Research information on water purif
ication techniques that can be used at home. Discuss in small groups what you learned from your research. Prepare a chart with a brief description of common water problems and the treatment/purification methods appropriate to each problem; include a list of materials you would need for each treatment method and illustrate each method by making your own drawing.

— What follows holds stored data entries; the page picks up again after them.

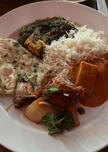 Andoori's chicken, Tikka Masala, Sagg panner, garlic naan, rice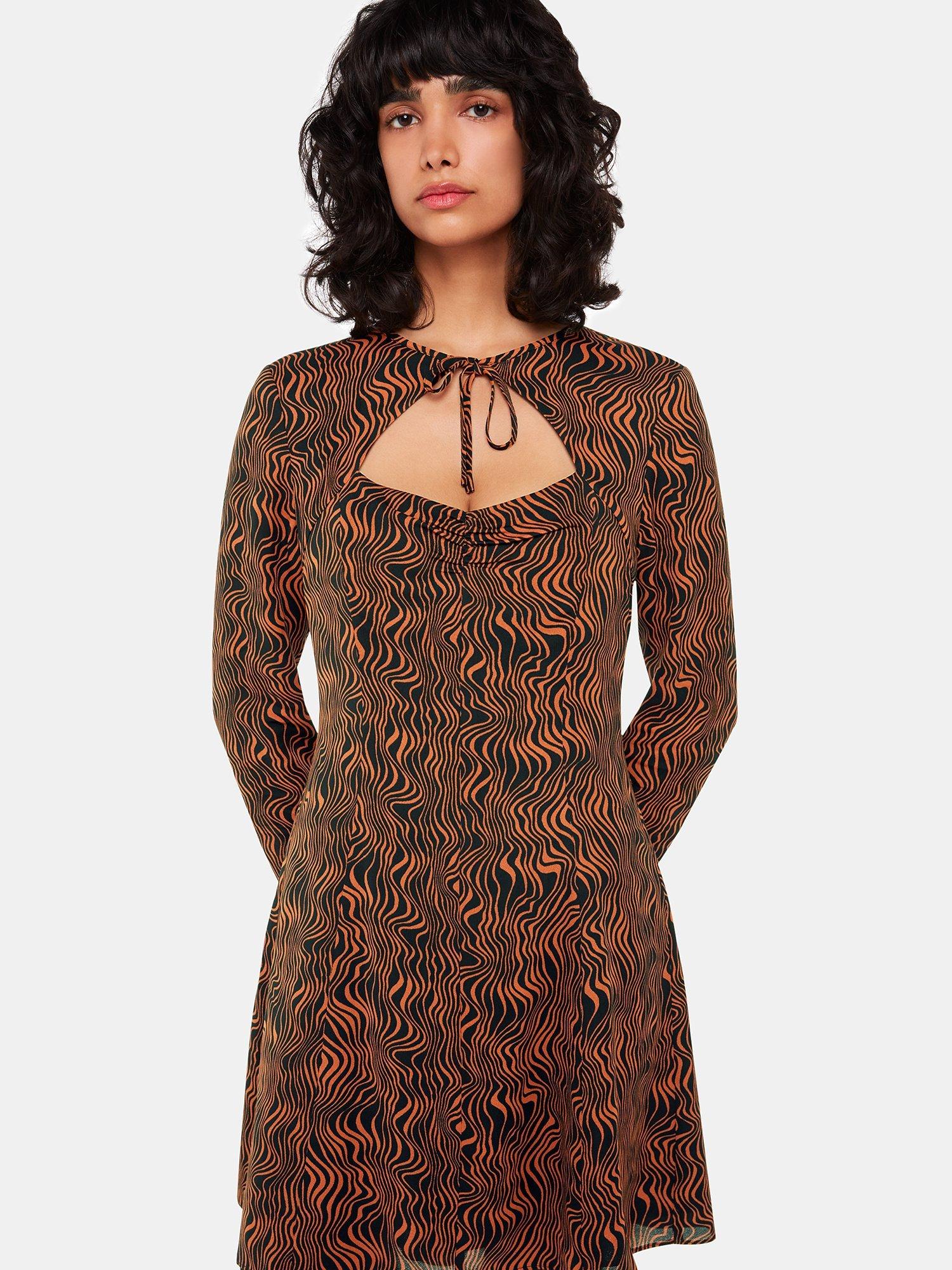 A tried-and-true favourite, this thigh-grazing dress from Whistles is crafted from an airy viscose fabric. Charming with a sweetheart neckline and full-length sleeves, this style is splattered with an abstract print.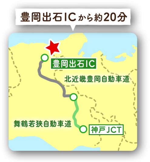 舞鶴若狭自動車道から北近畿豊岡自動車道 豊岡出石インターチェンジを降りておよそ20分。

Hints: Filtration, Boiling, Distillation, Water Softeners, Reverse Osmosis
Extensions: What will be the cost of implementing these home-based water purification techniques if you were to need clean water for a family of four? How would you go about determining the amount of water that you will need? What is the most effective method in terms of removing impurities for the quantity of water you need for a family for four for drinking/food purposes?
Water Treatment Basics
Municipalities must perform two types of water treatment: treatment of water before it is used for drinking and other purposes, and treatment of wastewater such as sewage so that it is safe to return to the environment. Typically, drinking water is treated based on the quality of the source water. Ground water, for instance, usually requires less treatment than surface water from a river or a lake. Thus, the quality of the water that enters your community water treatment plant determines how the water will be treated prior to distribution.
Wastewater includes sewage as well as water used in industrial and agricultural processes. It flows out of homes and neighborhoods through sewage pipes to a wastewater treatment plant. Here, the wastewater is treated to remove solids and contaminants. The treated wastewater may be re-used for irrigation and landscaping. The treated wastewater is also returned to streams, rivers, and oceans, which can also be a source of pollution.